In our Freshman year at Syracuse, Arielle begins training for a bike tour called AIDS Lifecycle. It will take her across California.
Arielle first hears of AIDS Lifecycle at one of SU Drama’s Wednesday “labs”. She hears stories of comradery, emotional bonding and, most importantly, charitable achievement. She decides to participate.
When she takes on the challenge, she is not what even she would call “Athletic”. Slight in stature and creatively occupied most of the time, Arielle perhaps never thought of biking across a state. It just was not a focus of hers when she was younger but the opportunity inspires in her an unstoppable need to Bike.
She signs up to race.
She has to raise a lot of money in order to participate.
She has to train her body to do things she has never done before.
From a passion that came seemingly out of nowhere, she builds her body into a tool for achievement and the achievement is a selfless fundraising event on the other side of the country.
When we are in the UK, Arielle has just finished her third AIDS Lifecycle.
She met a man while she was riding.
They have just begun to date.
I wonder instantly if this is it, this is Arielle becoming “Arielle and some guy” and now I am truly the last single woman on the planet.
Up until now, Arielle and I have shared in our lack of romantic history but when she tells me that she has found a man she really likes a lot I do not articulate my reaction to Arielle but I feel a selfish distance from her.
I don’t really know why.
Arielle and I are not as close as we were in our Freshman year.
I am no longer in school with her. I have transferred out of Syracuse.
I did not finish my acting education because of a very bad depression which pulled my focus far away from theatre and acting, convincing me to leave. I have visited Syracuse since leaving the program but friendships require presence and presence is almost impossibly physical. I have become less of a friend.
Her romance feels scary.
What if she also becomes less of a friend—
Arielle is staying in London after our trip.

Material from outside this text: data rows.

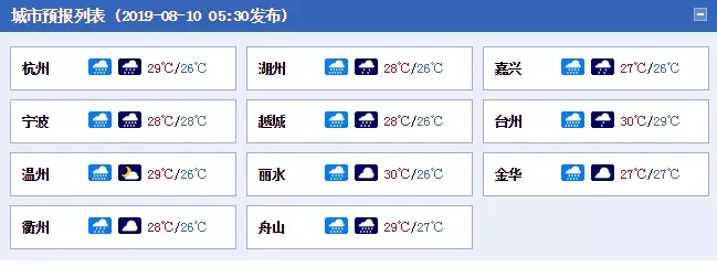 具體來看,今天,浙北及台州、金華地區有暴雨,部分大暴雨,局地特大暴雨;其它地區陰有中到大雨,部分暴雨。白天最高溫度,全省28-30℃;明晨最低溫度,全省25-27℃。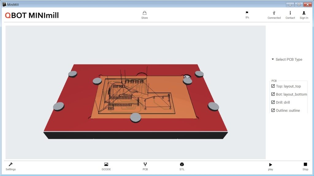 MINImill fertigt aus Ihren .gerber Dateien vollautomatisch 1 und 2 seitige Platinen.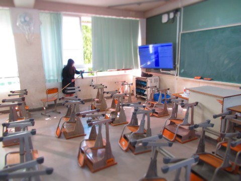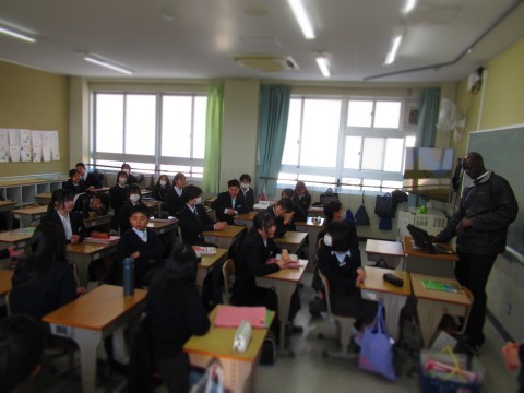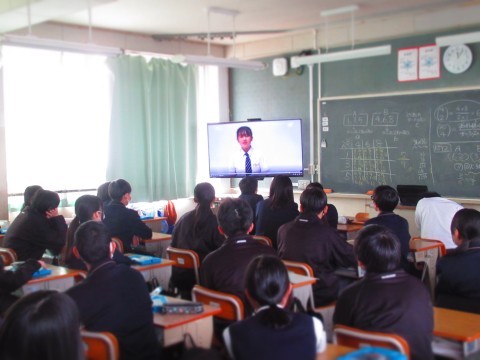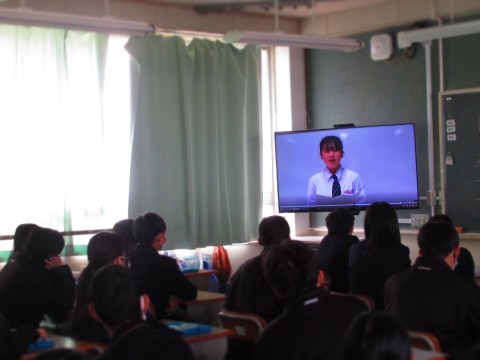 表彰伝達の動画を観る3年生。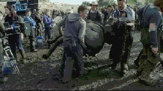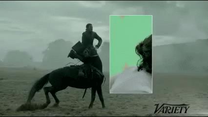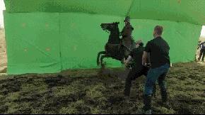 像这个巨人“温温”掀翻一匹战马的镜头,就是在绿幕前拍摄,通过后期合成数字战马、以及实拍外景来实现的。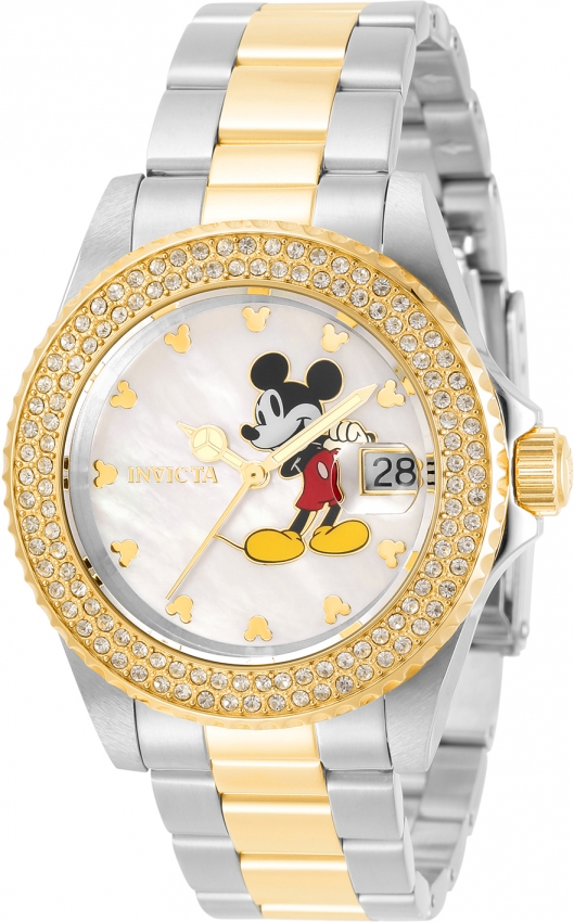Two-tone (silver-tone and gold-tone) stainless steel case with a two-tone (silver-tone and gold-tone) stainless steel bracelet. Fixed gold-tone crystal set bezel. White dial with gold-tone Mercedes-logo shape hands and index hour markers. Dial Type: Analog. Luminescent hands. Date display at the 3 o'clock position. Ronda Caliber 515 quartz movement. Scratch resistant mineral crystal. Screw down crown. Solid case back. Round case shape, case size: 40 mm, case thickness: 12.2 mm. Band width: 20 mm, band length: 8 inches. Fold over clasp. Water resistant at 200 meters / 660 feet. Functions: date, hour, minute, second. Casual watch style. Watch label: Swiss Movt. Invicta Disney Limited Edition Mickey Mouse Quartz Crystal White Dial Ladies Watch 32483.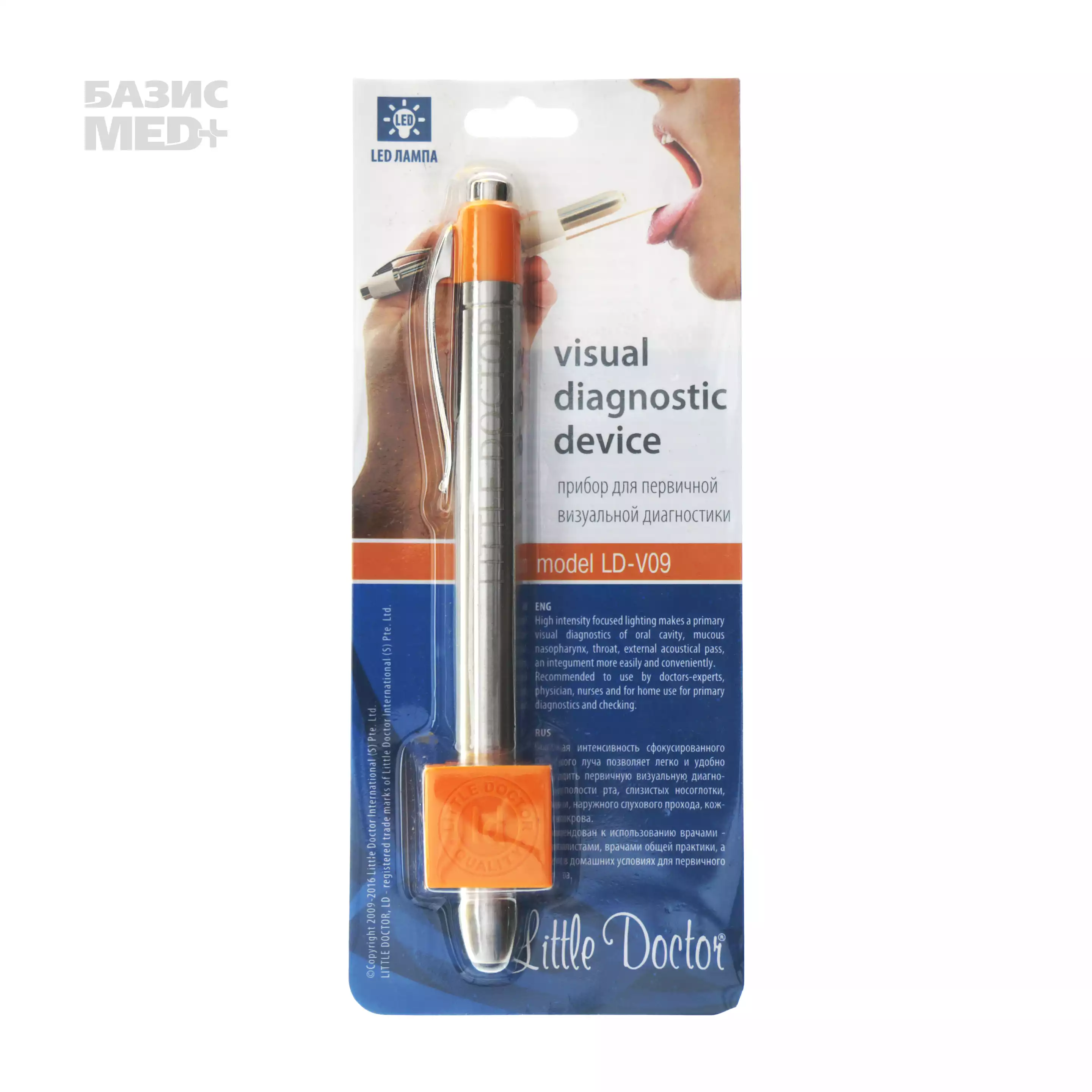 Металлический корпус прибора сделан из нержавеющей стали и имеет форму авторучки. Прибор включается и выключается легким нажатием на кнопку. В комплекте пластиковый держатель для медицинского шпателя. Питание от двух батареек типа "ААА".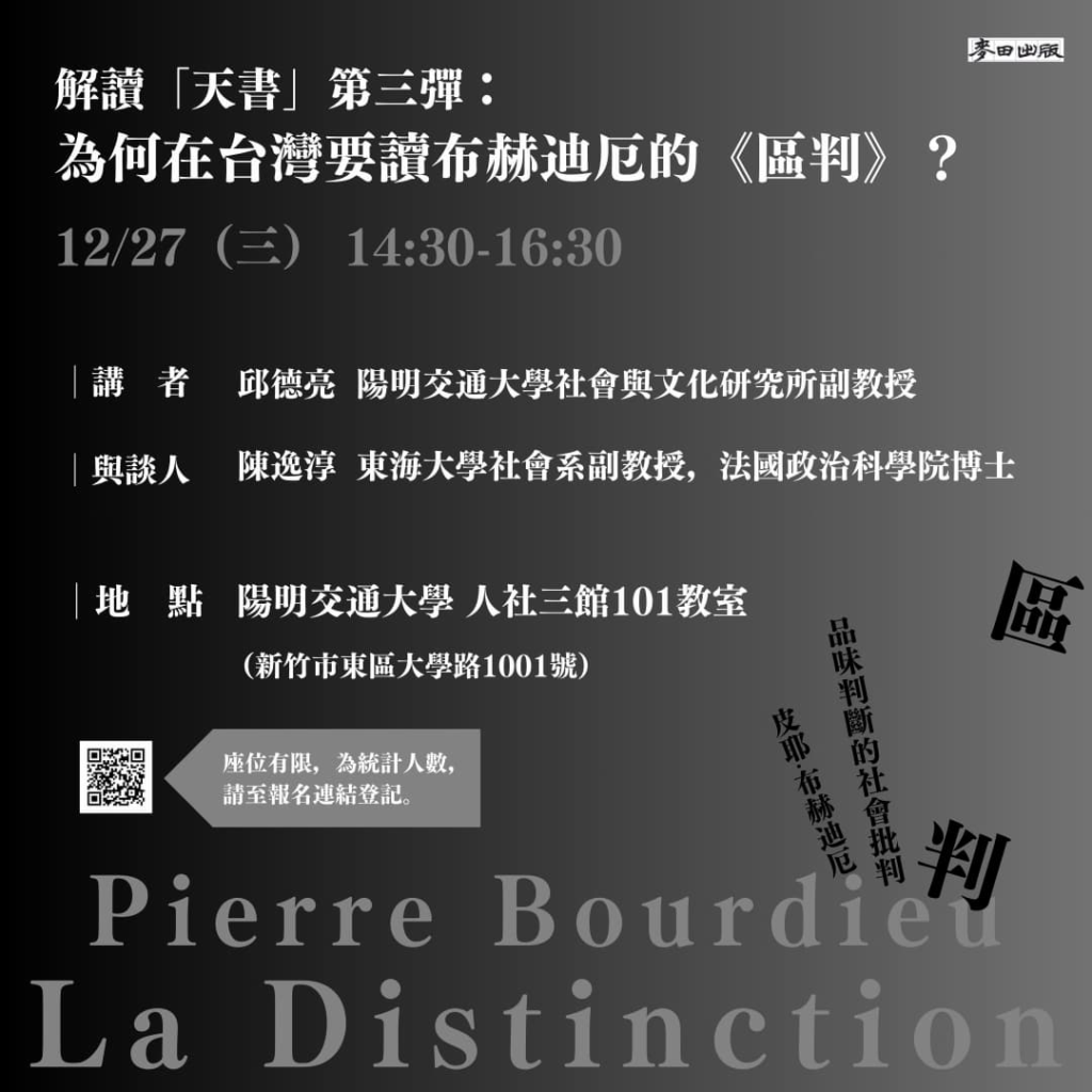 解讀「天書」第三彈:為何在台灣要讀布赫迪厄的《區判》?

Syracuse has a semester of study there for theatre students and a good portion of Juniors end up participating. I fly home alone. I cry on the plane.
While in London, Arielle sends in an audition tape to Syracuse Stage, the affiliate regional theatre at Syracuse Drama. She auditions for the part of Anne Frank. She is given the role. I go to see her perform in the show. It is of course great.
It is the last time I visit Syracuse.
I really like talking to Arielle.
I like hearing about her million things she does in a day, her husband, her dog. I like asking about her siblings and her wonderful parents.
I like watching her speak because as she’s speaking she is listening, paying attention to me even more than she is paying attention to her own story or excitement.
Even drinking coffee with Arielle, I miss her very much.
I no longer hope to live in New York City the same way I did when I was much younger but sometimes I wonder if I will ever live near Arielle again or if we will just keep having conversational coffee every few years in Lower Manhattan.
I write my first play in our dorm.
While writing I sit in my dorm a lot.
I pull focus from my play to write short stories.
I read Arielle a little bit of a story.
“Maybe you’re a writer,” says Arielle.
I have given up on being anything.
But maybe I’m a writer, says Arielle.
Arielle and I pack our bags of things we need and we leave our little table in the New York café.
Arielle continues on to her task of making everything better because she just can.
I hurry back to the hotel.
New York City is a blur thanks to my hurry. Thanks, to my tears.